The individual burners are ignited in a lower load range, that is, the minimum possible fuel load for the single burner is from 1% to 30% of the maximum load of the single burner, which is defined by the maximum fuel load at a maximum exit velocity. As a result, the lowest possible amount of synthesis gas is released when the first burner of the gasification reactor is ignited, and the ignition of the burner fuel supplied to the previously ignited burner is reduced by controlling the fuel composition when the second or third burner or the other burners is ignited the following burner added fuel and a gradual increase in the amount of synthesis gas generated and thus a gradual Druckan- rose in comparison to the prior art very small steps almost "infinitely" causes the generated synthesis gas can be supplied to the downstream process stages already in the start-up phase of the gasification reactor.

The amount of synthesis gas generated in the gasification reactor is directly correlated with the fuel load supplied. The minimum load of fuel required for starting up the gasification reactor thus determines the amount of synthesis gas that is released when the gasification reactor is started up.

The fuel gas is supplied via at least one admixing device between the metering vessel and the respective burner of the gasification reactor in the corresponding dense flow conveying line, which is associated with the burner.

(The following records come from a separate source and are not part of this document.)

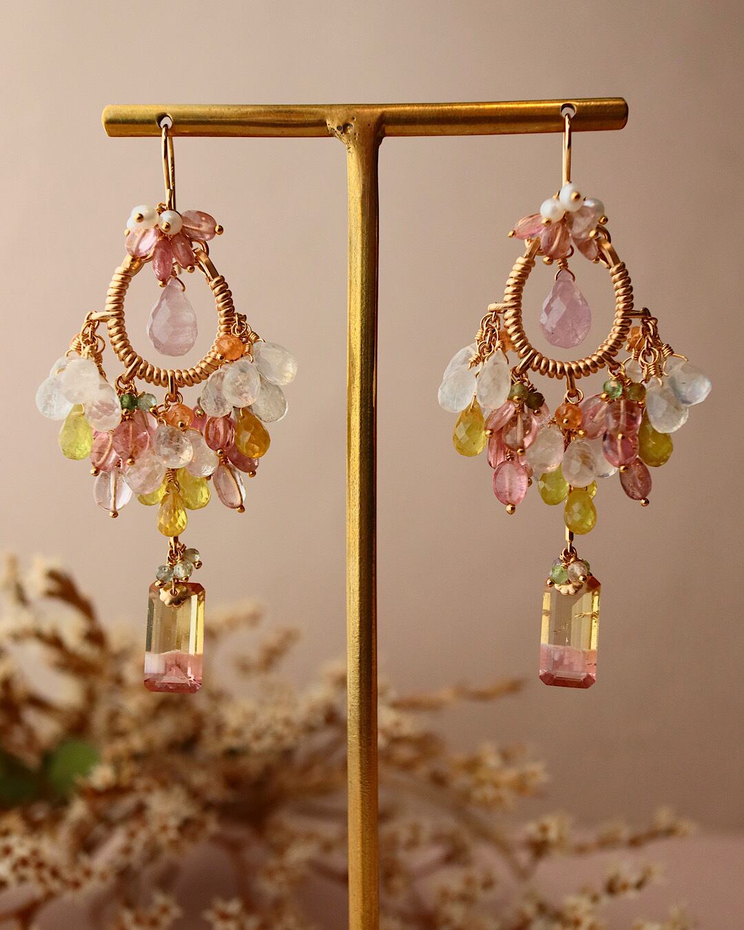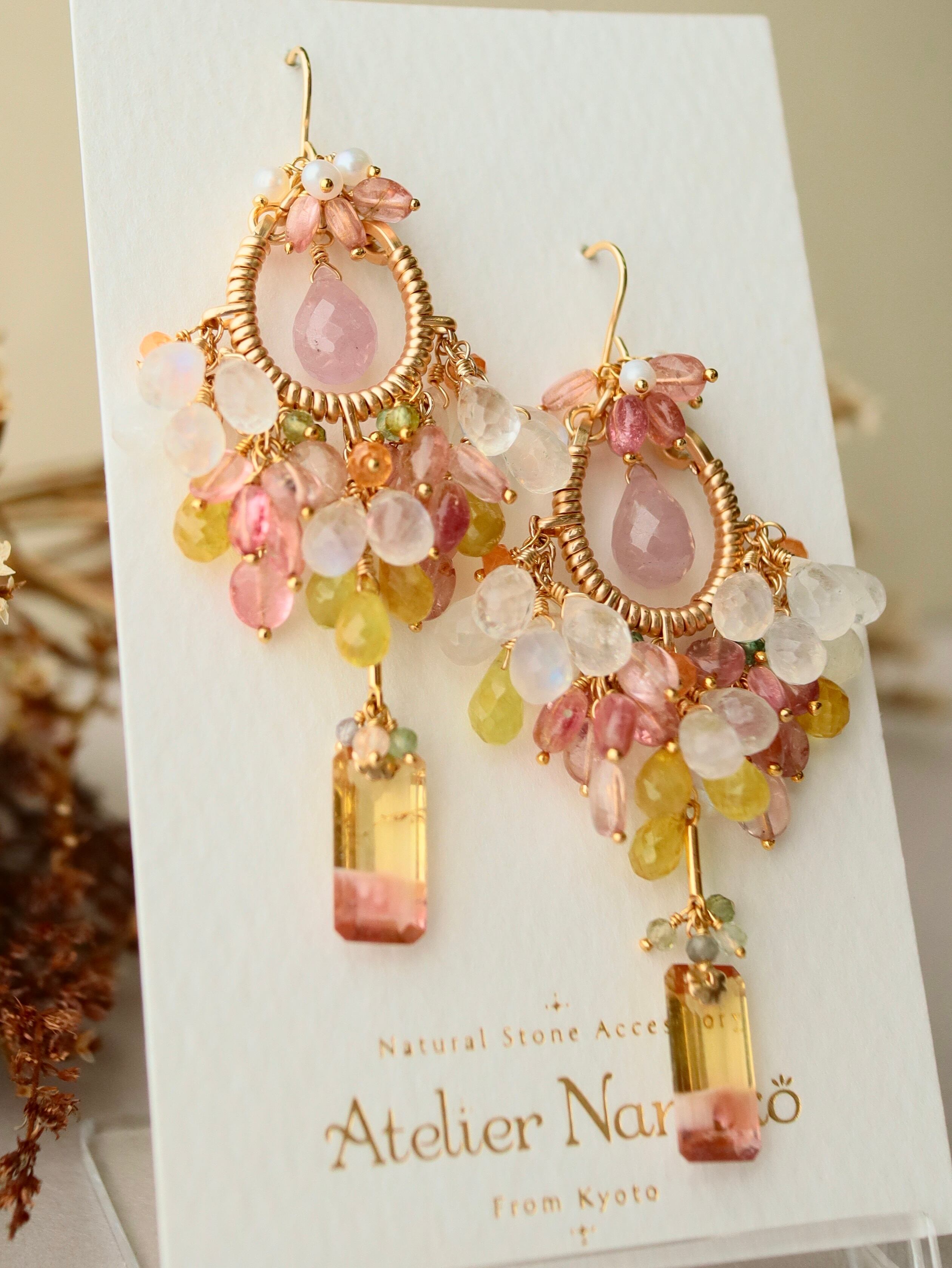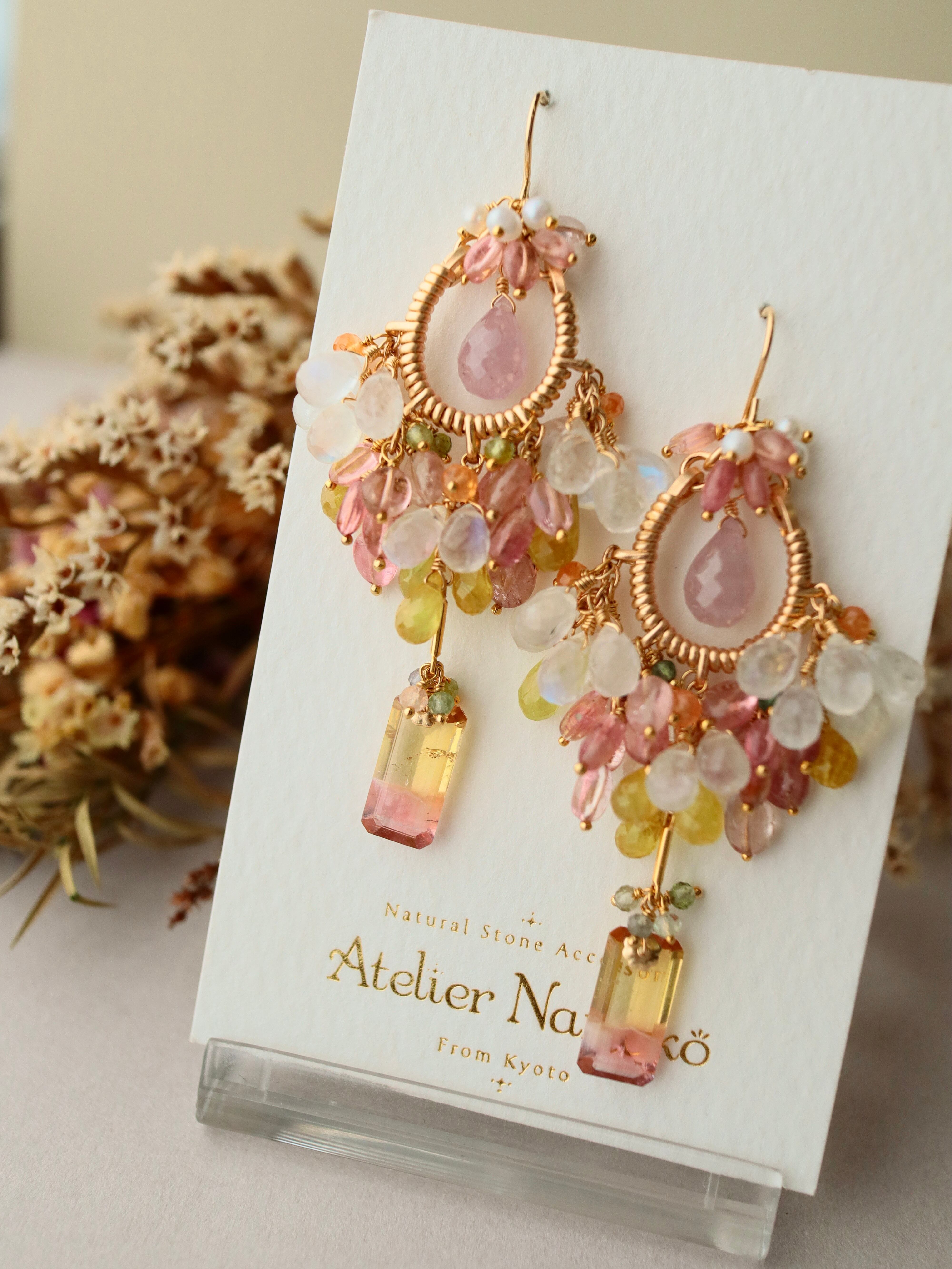 【1点もの/ラウンドタイプ】ピンク×イエロバイカラートルマリンのシャンデリアピアス/イヤリング
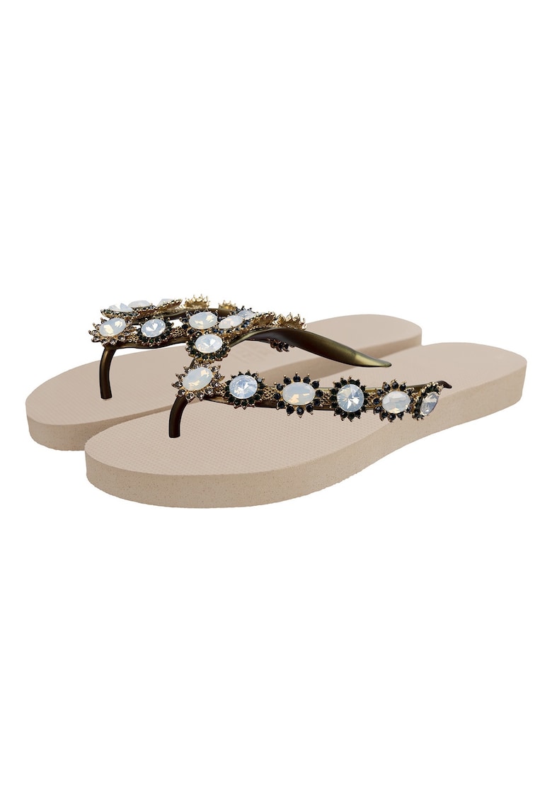 Характеристики Тип продукт: плажни чехли Цвят: бежов Материал: каучук Стил: ежедневен – плажен Тип на подметката: плоска Детайли: непромокаемост Състав Горна част: гума Материал интериор: други материали Материал подметка: други материали
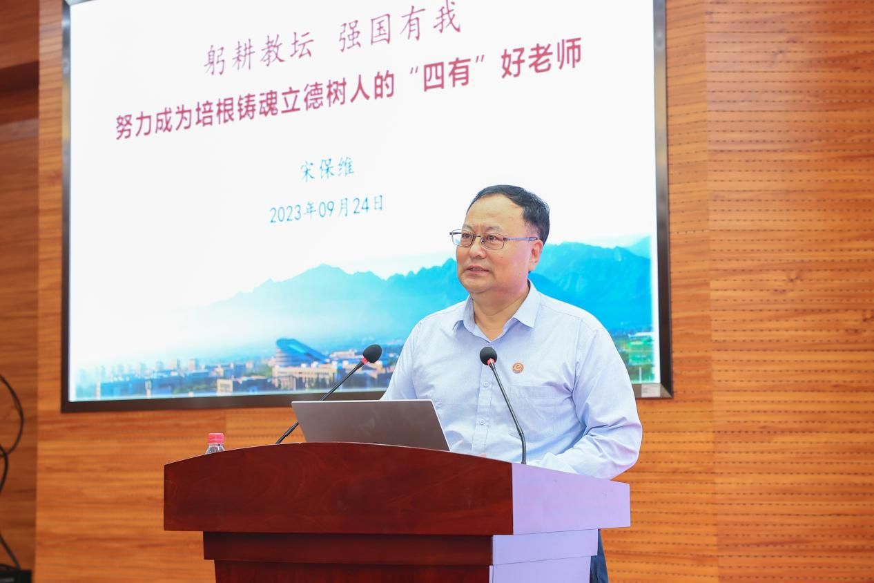 校长宋保维为全体新入职教职工作题为《躬耕教坛 强国有我 努力成为培根铸魂立德树人的“四有”好老师》的入职培训。宋保维从学校概况、建设成效、创新发展三个方面带领新入职教职工纵览西工大发展历程,校史校情校貌,介绍了校园环境条件、人才培养质量、高水平师资建设、科技创新实力、社会服务贡献、国际合作新局面等方面的建设成效,并强调了学校的发展思路和重要举措。宋保维对新入职教职工提出了四点希望:一是有理想信念,做“心有大我、至诚报国”的好老师。希望大家要以理想信念为基,用远大志向、纯粹的心灵、高尚的节操引领学生前行。二是有道德情操,做“言为士则、行为世范”的好老师。希望大家用模范的言行举止为学生树立榜样,用高尚的人格魅力引领学生的心灵,努力成为塑造学生品格、品行、品位的“大先生”。三是有扎实学识,做“学识渊博、追求卓越”的好老师。希望大家学识渊博,视野开阔,充满智慧,与时俱进,追求卓越,不断汲取新知识,更新自己的知识结构,积极回应新的挑战。四是有仁爱之心,做“乐教爱生、甘于奉献”的好老师。希望大家在严爱相济的前提下晓之以情、动之以理,让学生“亲其师”“信其道”。
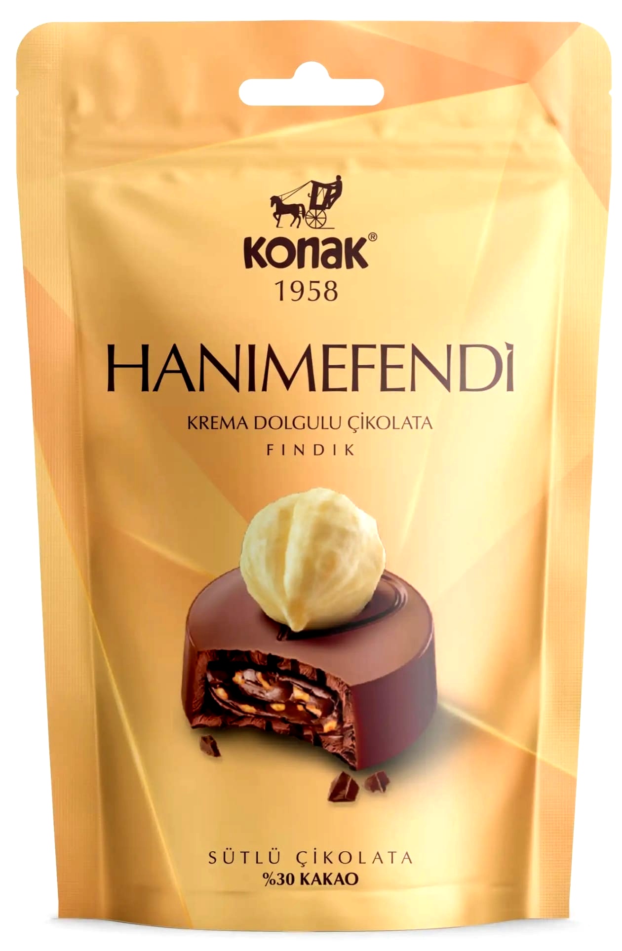 KONAK 4243 -- HANIMEFENDİ FINDIK PARÇACIKLI ÇİKOLATA DOYPACK 85 GR (ADET FİYATIDIR. KOLİ İÇİ 12 ADETTİR) 320004
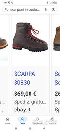 Vendo ottimi scarponi in cuoio della Scarpa numero 42. Modello 80830. Usati per camminate in montagna ma ottimi anche per lavori boschivi. Sempre tenuti puliti e ingrassati. Prezzo nuovo vedi foto allegata.
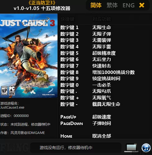 正当防卫3修改器是一款专为第三人称射击游戏《正当防卫3》所打造的多功能修改器,修改器具有无限生命、无限子弹、无限手雷、一击必杀、子弹时间等修改器功能,大大降低了游戏难度,让玩家拥有更加舒适的游戏体验,且修改器简单易用,玩家只需启动游戏、开启
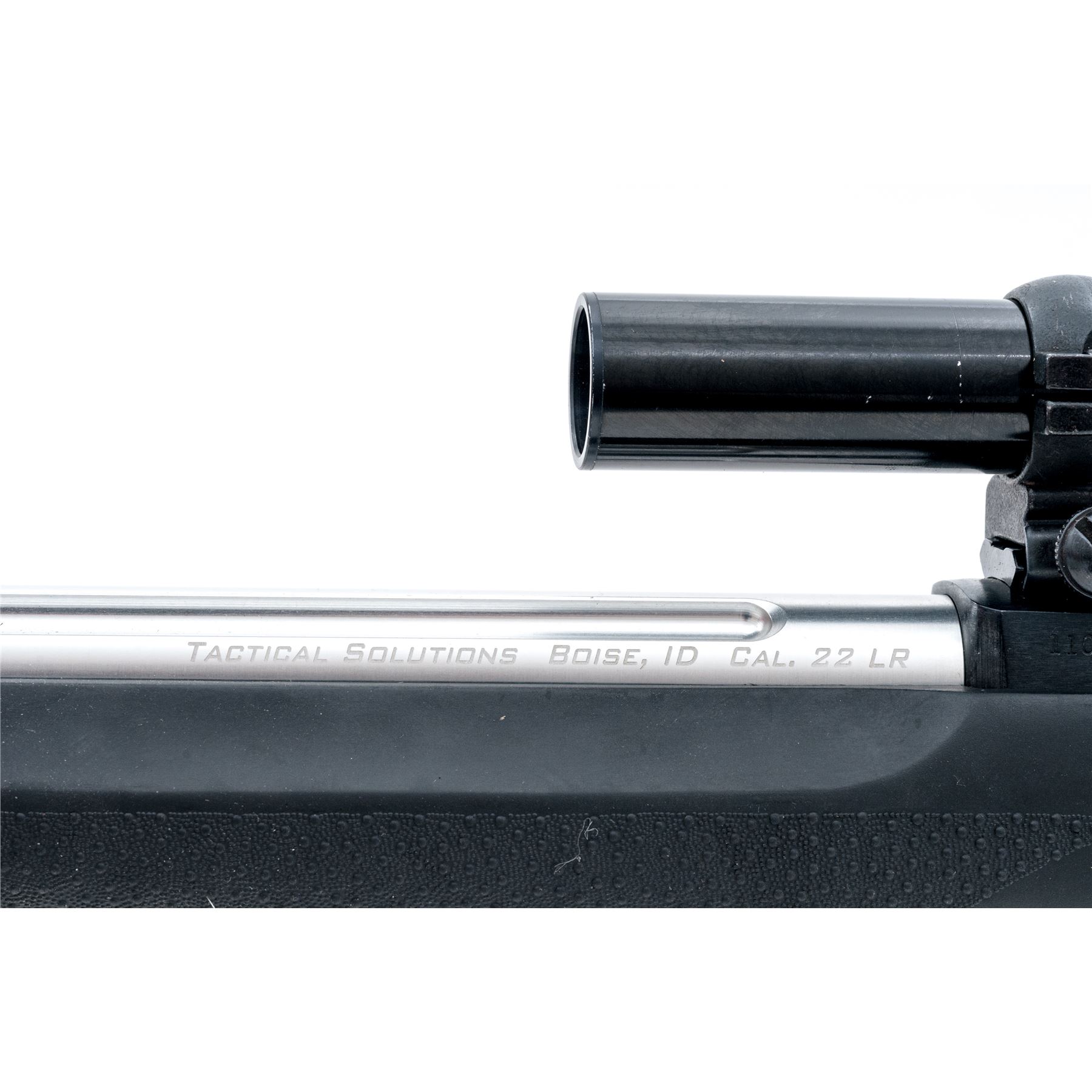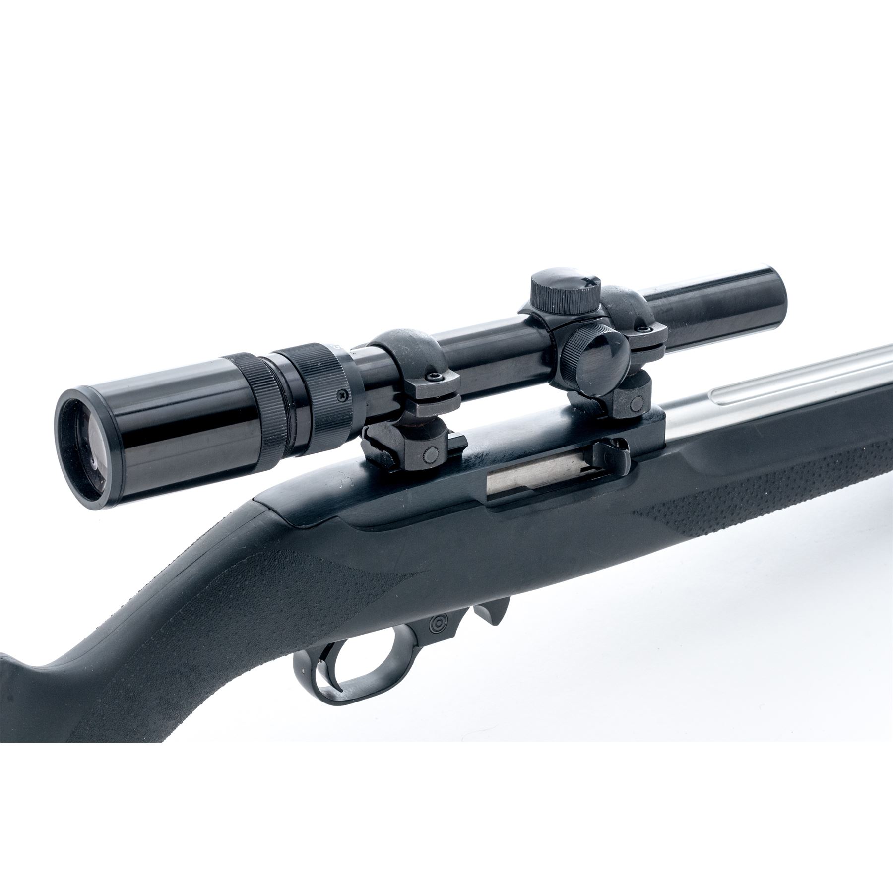 Ruger 10/22 Tactical Semi-Automatic Carbine, #110-52769, .22 L.R. cal., blued receiver; silver 16.5'' fluted lightweight aluminum Tactical Solutions barrel mfg'd without sights; black Hogue over-molded stock with black rubber pad and sling swivel studs. Featuring a target trigger, extended magazine release, and one clear 10-round Ruger magazine. Topped with a Bushnell Sportview 1.5x-4.5x21 scope; scope with duplex reticle and gloss black finish. Metal surfaces are excellent with only a few slight handling marks. Stock rates as fine with scattered light surface scuffs and other small marks, all normal signs of moderate range use. Excellent smooth action with a mirror bright bore. Scope with a few light scratches and ring marks to the exterior; excellent clear optics. Est.: $300-$500. (Modern)
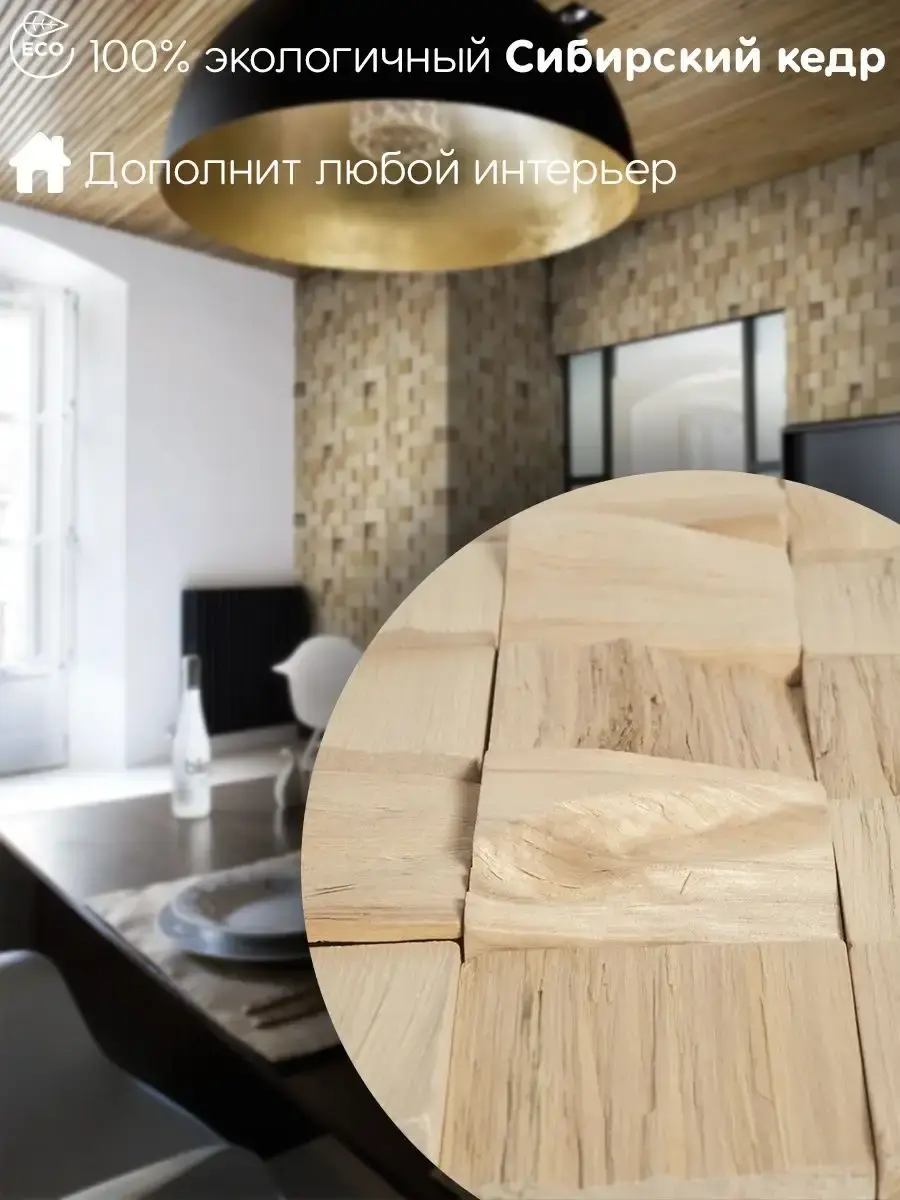 3D панели для стен стиль лофт из натурального Сибирского кедра - отличный способ оригинально выделить любую зону, стену и потолок. Такие панели отлично вписываются в интерьер. Отделка стены или потолка экологичными панелями из кедра дополнит и добавит объема в помещение. Отделочная панель из дерева полностью состоит из кедра. Она обладает бактерицидными, антимикробными свойствами, аромат кедра, который будет доноситься по всей комнате, способен оздоравливать воздух, придавая ему целебные качества. Благодаря тому, что каждый элемент панели уникален, можно создать совершенно разные панно, любого размера и с эффектом разлетающихся деталей, устанавливая, их на некотором расстоянии друг от друга. Мозаика для стен отличный способ замаскировать отверстия или иные недочеты вашего интерьера. Панели можно покрыть бесцветным маслом, либо покрасить в любой цвет или же оставить как есть без покрытия. В упаковке 50 декоративных элементов. Размер одного декоративного элемента 80х80 мм. Монтаж деревянной мозаики производиться на сухое, твердое, ровное основание, без отслаиваний. При монтаже необходимы только жидкие гвозди. Фото взяты из интернета для демонстрации применения.
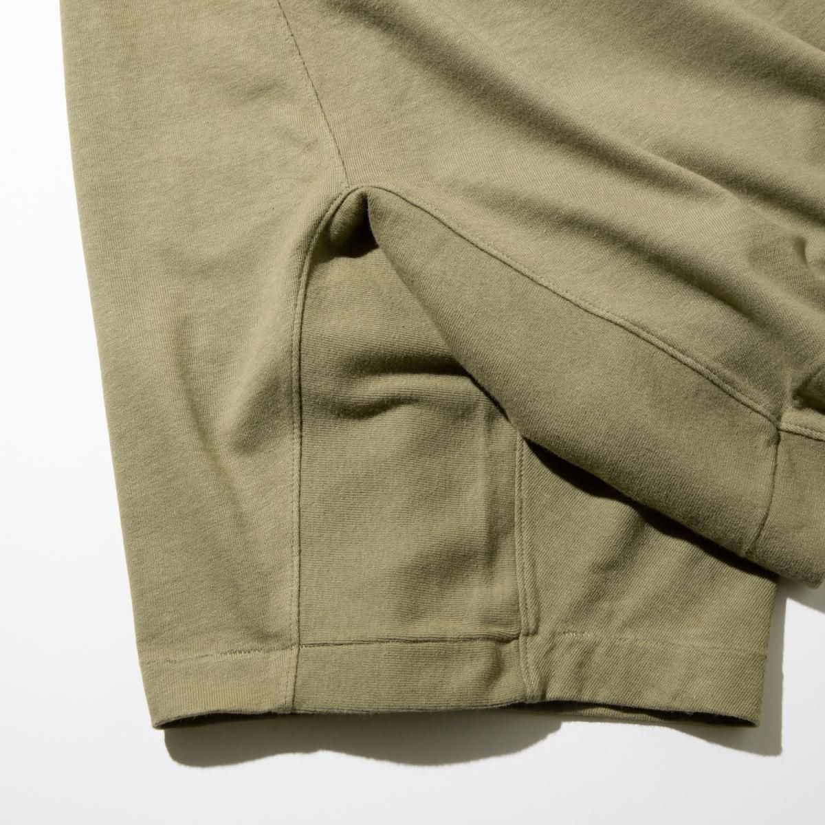 自宅で過ごす時間に不要となり得る凹凸を感じるポケットは付けずに、シンプルなディティールに仕上げました。パンツとしてはライトウェイトな素材ですが、耐久性を高める縫製仕様を採用し質実剛健と呼ぶに相応しい作りです。

Alternatively, the fuel gas can also be performed in parallel to the dense phase conveying line via a fuel gas delivery line in the admixing device and from there in mixture in the burner, the advantage of parallel guidance in a jointly usable by the dense flow conveying line and the fuel gas delivery control unit, as the Lines immediately adjacent to each other.

In the method according to the invention, the Brennstaublast in the dense phase conveying line is controlled by a dust flow control device, which may be, for example, a throttle, a diaphragm or a valve, which is in operative connection with the admixing devices for the fuel gas. By a control and regulation unit thus the Brennstaubmengen- and fuel gas streams can be adjusted for a burner as a function of each other and in dependence on the Brennstaubmengen- and fuel gas streams of the previously ignited burner. The control can be connected directly to the ignition timing of the individual burners. Advantageously, appropriate measuring devices for determining the gas quantities produced in the gasifier and / or their compositions are provided downstream of the gasification reactor before the downstream process stages and the detected measured values are output to the control and regulation unit. This compares the measured values with the corresponding setpoints and, in the event of a mismatch, adapts the quantities of combustible dust and fuel gas for the burners. The skilled worker knows that a manual adjustment of Brennstaubmengen- and fuel gas streams is also possible.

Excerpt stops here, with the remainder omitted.